Among the lines of the material below, how many carry the word "from"? Only the number is wanted.
◇ ◇ ◇ ◇ ◇
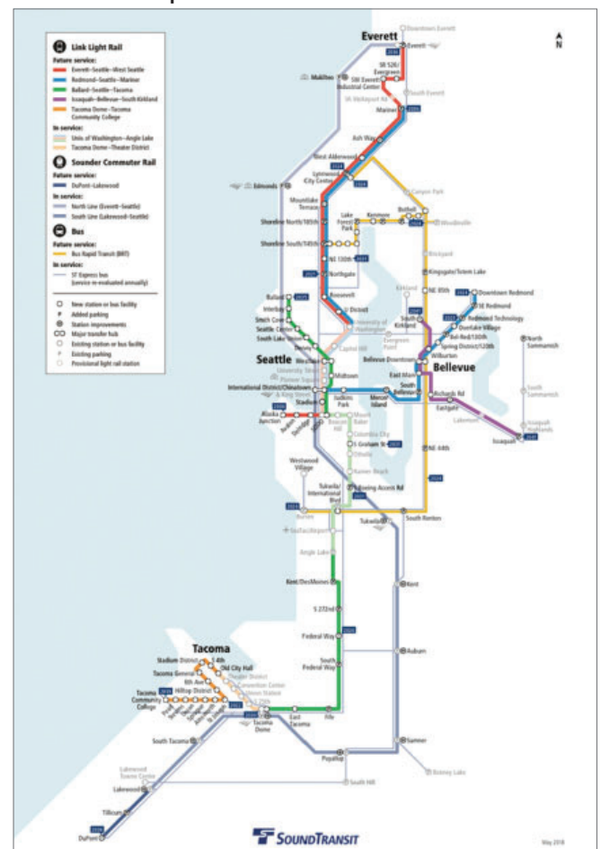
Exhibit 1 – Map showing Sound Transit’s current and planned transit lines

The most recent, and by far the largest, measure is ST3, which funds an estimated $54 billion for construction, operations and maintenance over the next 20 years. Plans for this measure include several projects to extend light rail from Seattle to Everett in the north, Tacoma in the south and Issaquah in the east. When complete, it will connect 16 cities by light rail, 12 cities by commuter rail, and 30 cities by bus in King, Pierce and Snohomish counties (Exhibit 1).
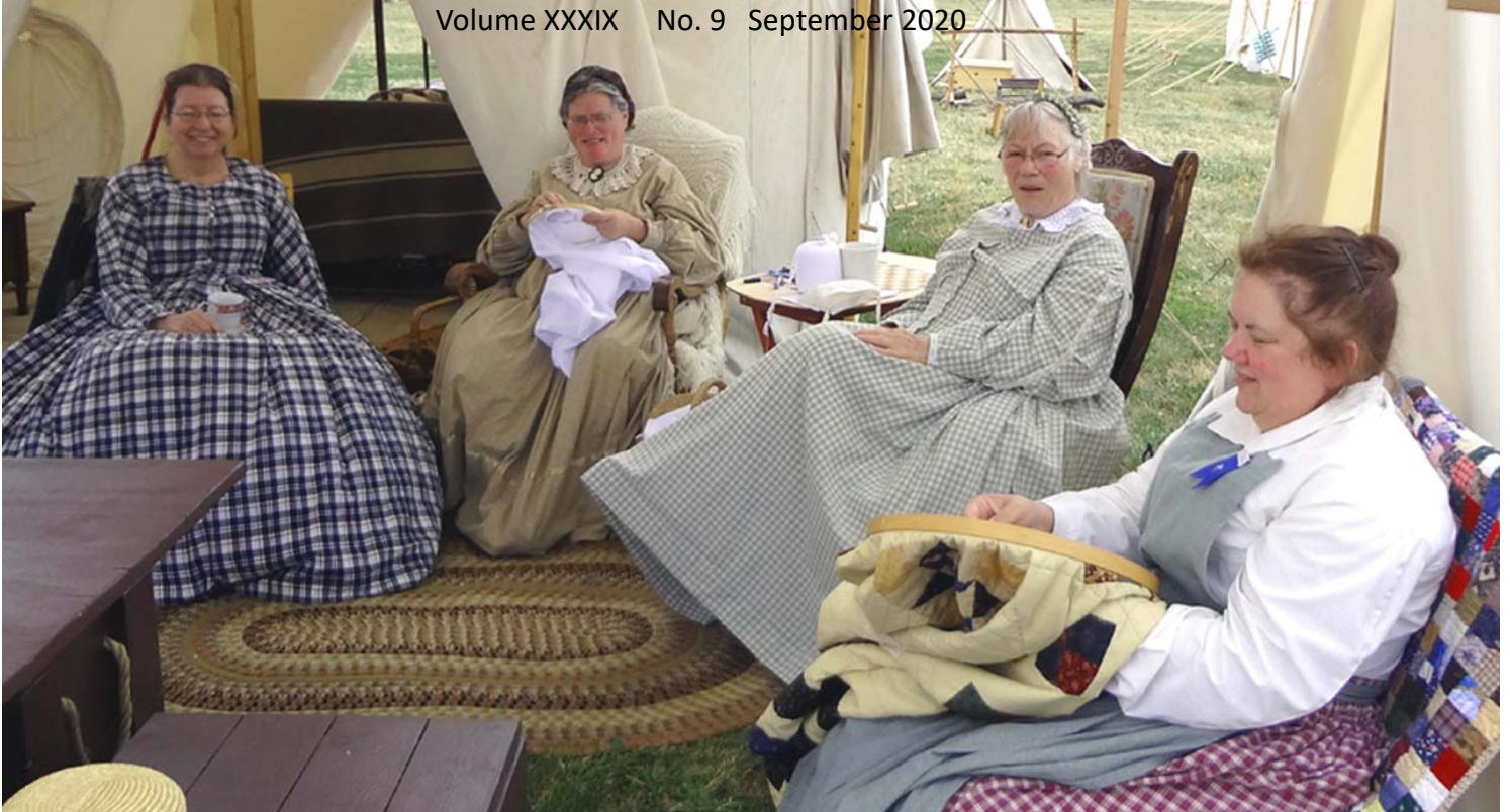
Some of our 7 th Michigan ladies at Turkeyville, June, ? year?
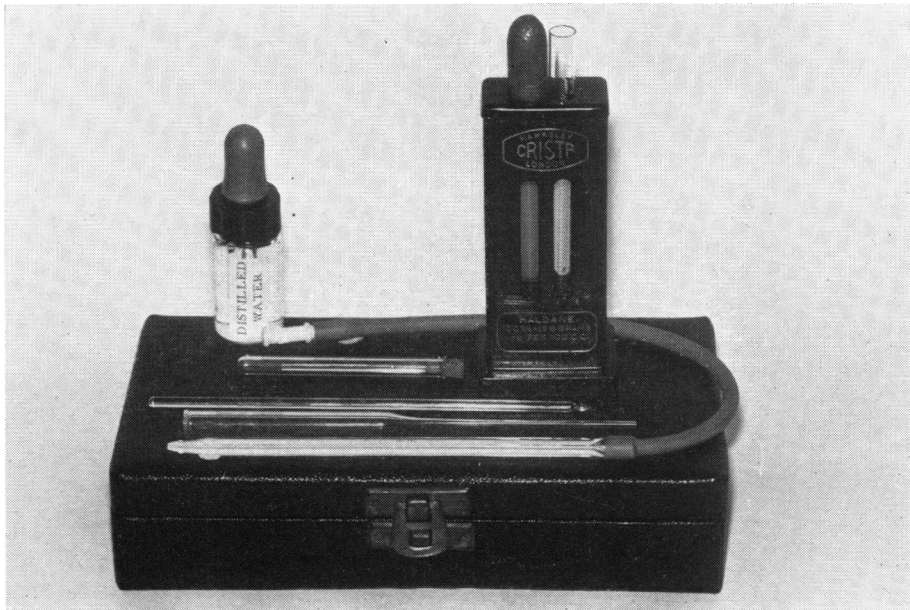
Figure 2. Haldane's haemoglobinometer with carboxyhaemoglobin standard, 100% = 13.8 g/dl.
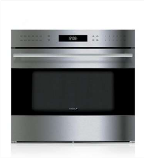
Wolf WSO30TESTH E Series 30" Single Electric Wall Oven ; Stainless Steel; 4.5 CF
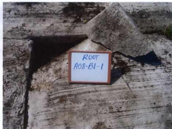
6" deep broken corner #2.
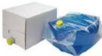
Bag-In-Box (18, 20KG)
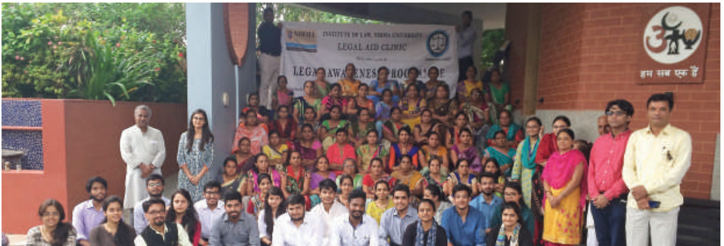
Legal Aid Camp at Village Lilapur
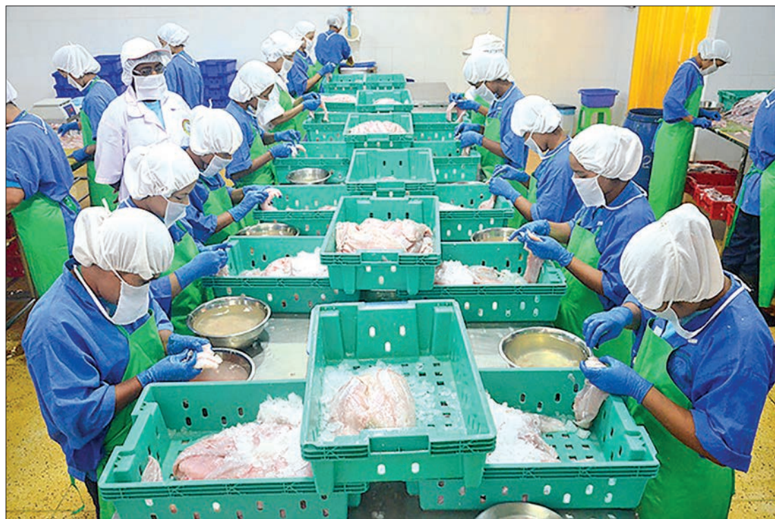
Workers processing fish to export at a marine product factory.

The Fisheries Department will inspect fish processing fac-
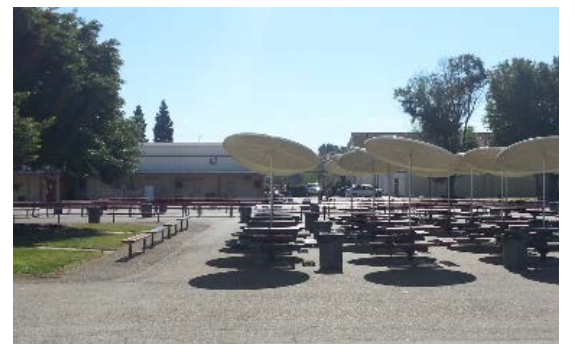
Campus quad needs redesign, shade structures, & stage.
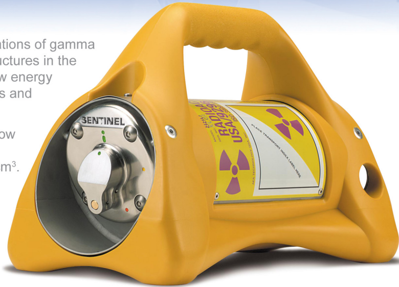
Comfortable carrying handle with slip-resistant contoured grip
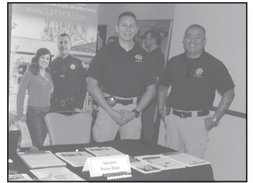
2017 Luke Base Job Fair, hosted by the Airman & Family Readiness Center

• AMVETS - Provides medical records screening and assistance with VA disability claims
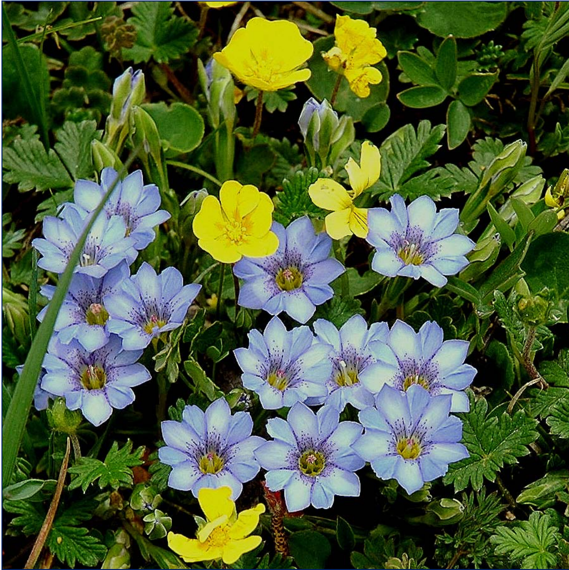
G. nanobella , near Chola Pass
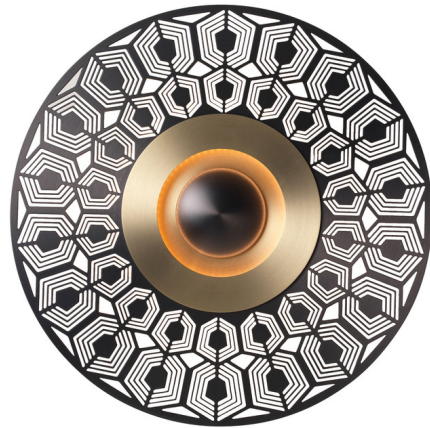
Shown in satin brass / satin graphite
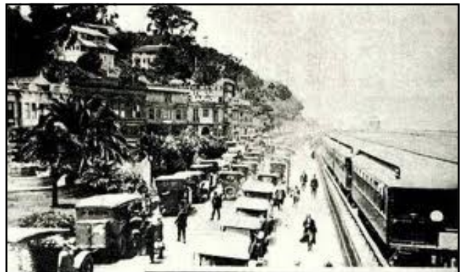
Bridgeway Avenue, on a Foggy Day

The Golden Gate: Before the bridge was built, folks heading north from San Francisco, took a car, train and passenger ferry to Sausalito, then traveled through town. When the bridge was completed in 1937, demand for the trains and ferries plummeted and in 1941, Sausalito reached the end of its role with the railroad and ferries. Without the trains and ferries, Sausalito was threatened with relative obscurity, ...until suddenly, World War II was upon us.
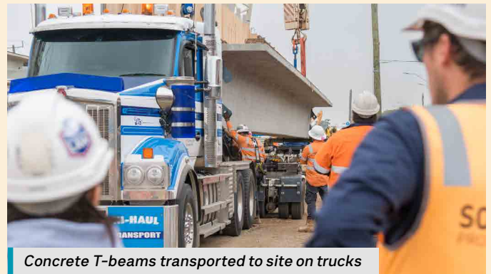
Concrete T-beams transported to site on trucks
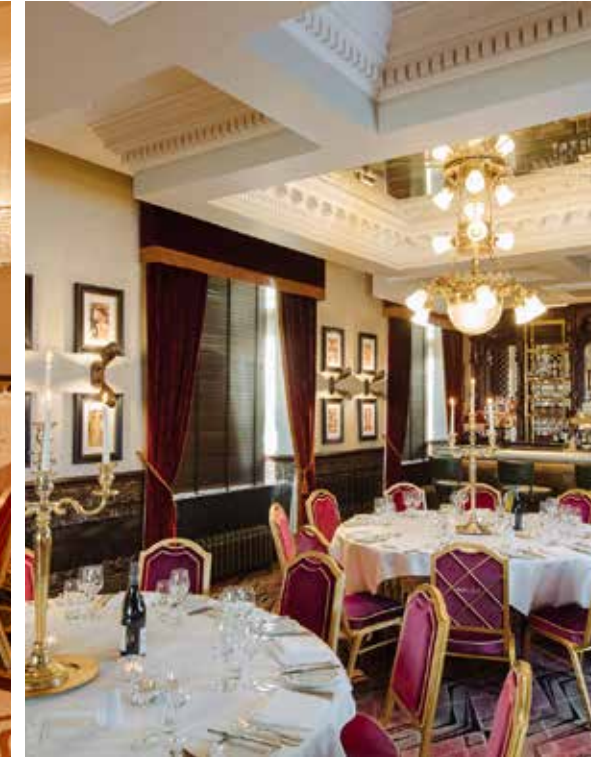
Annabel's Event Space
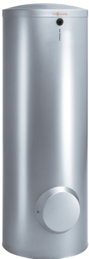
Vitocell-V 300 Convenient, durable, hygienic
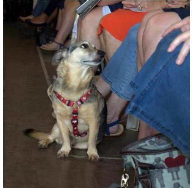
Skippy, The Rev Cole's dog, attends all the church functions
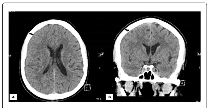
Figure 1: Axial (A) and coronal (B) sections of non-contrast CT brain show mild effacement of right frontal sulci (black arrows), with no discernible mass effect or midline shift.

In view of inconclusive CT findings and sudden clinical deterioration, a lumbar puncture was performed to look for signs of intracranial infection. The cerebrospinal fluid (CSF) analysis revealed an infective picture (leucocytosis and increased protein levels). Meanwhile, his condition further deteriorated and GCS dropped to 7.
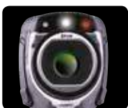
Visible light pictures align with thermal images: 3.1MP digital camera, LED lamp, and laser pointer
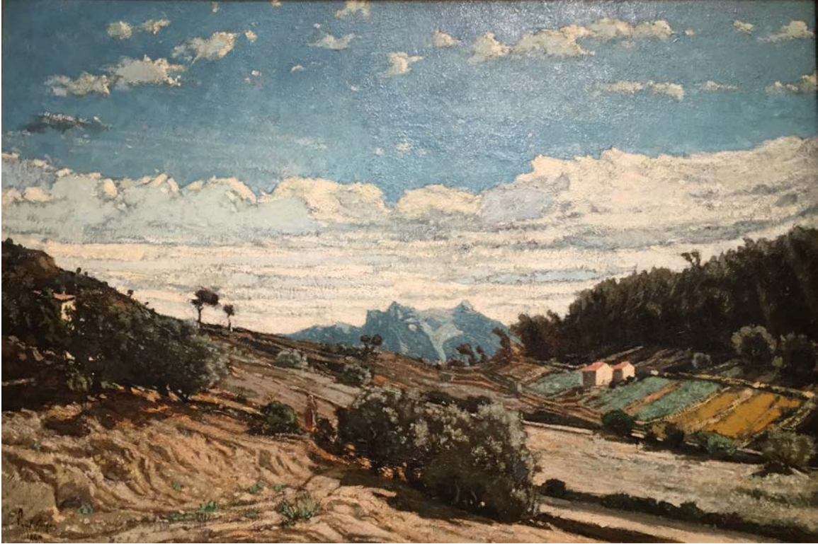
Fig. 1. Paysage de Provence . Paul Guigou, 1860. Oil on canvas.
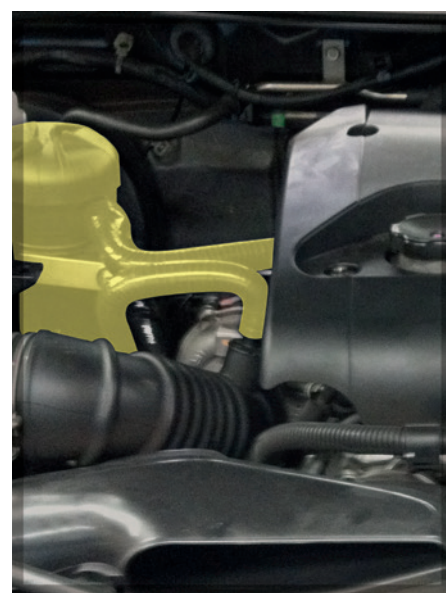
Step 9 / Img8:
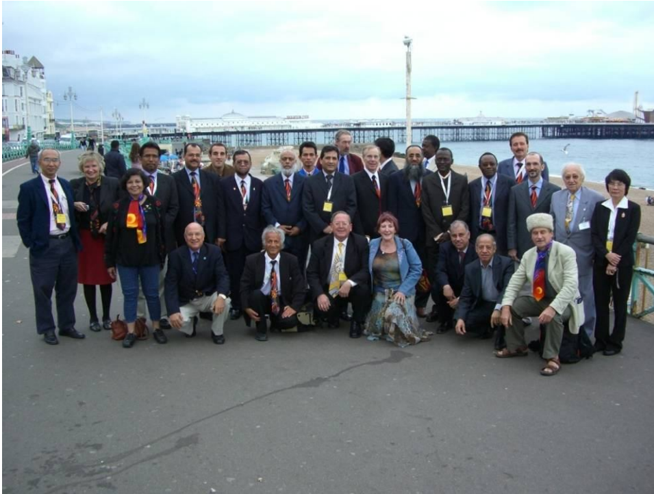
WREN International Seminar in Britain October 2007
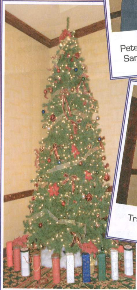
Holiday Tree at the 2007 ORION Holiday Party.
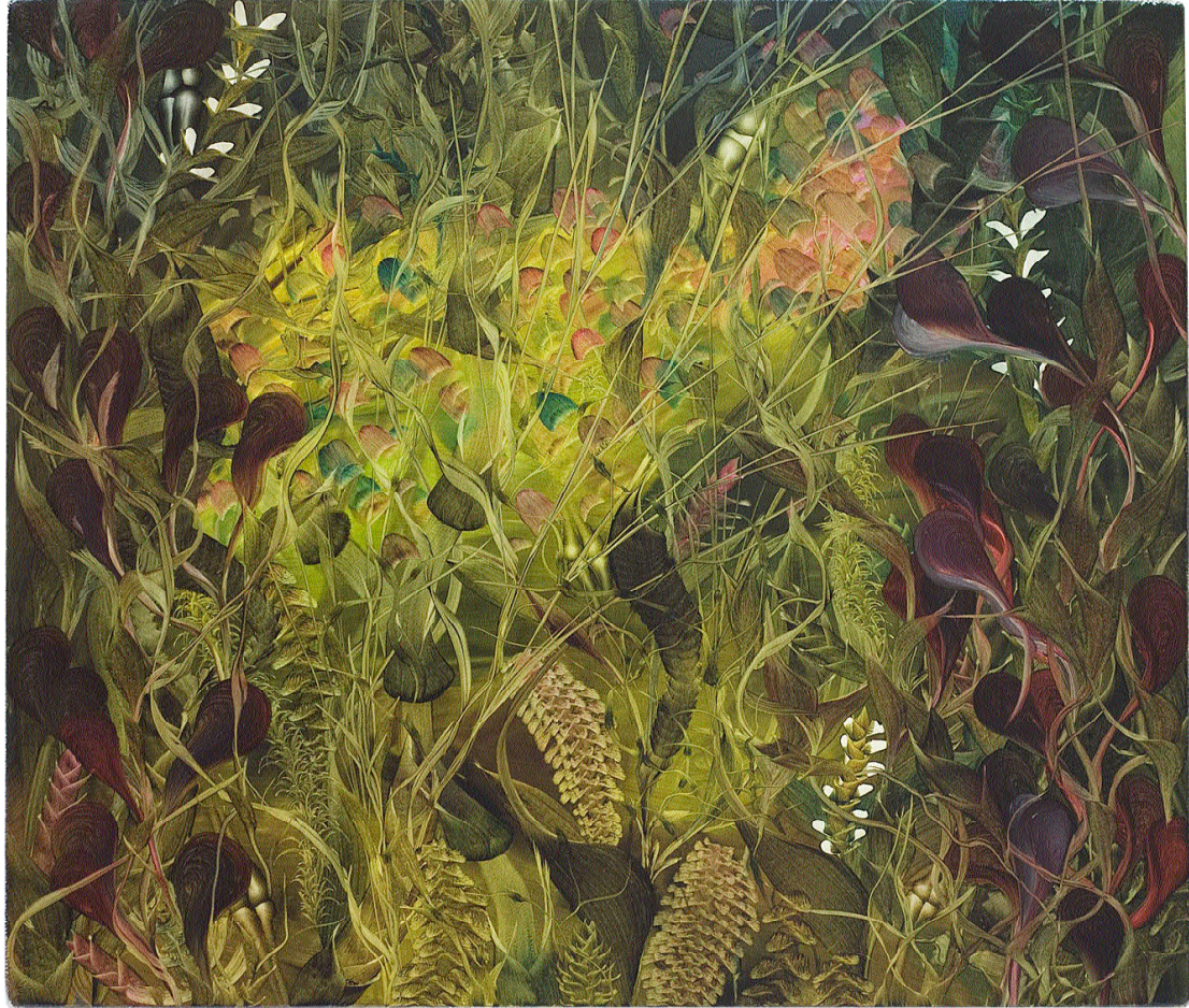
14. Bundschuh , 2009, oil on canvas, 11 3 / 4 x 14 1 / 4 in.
◇ ◇ ◇ ◇ ◇
[Answer for the task] 2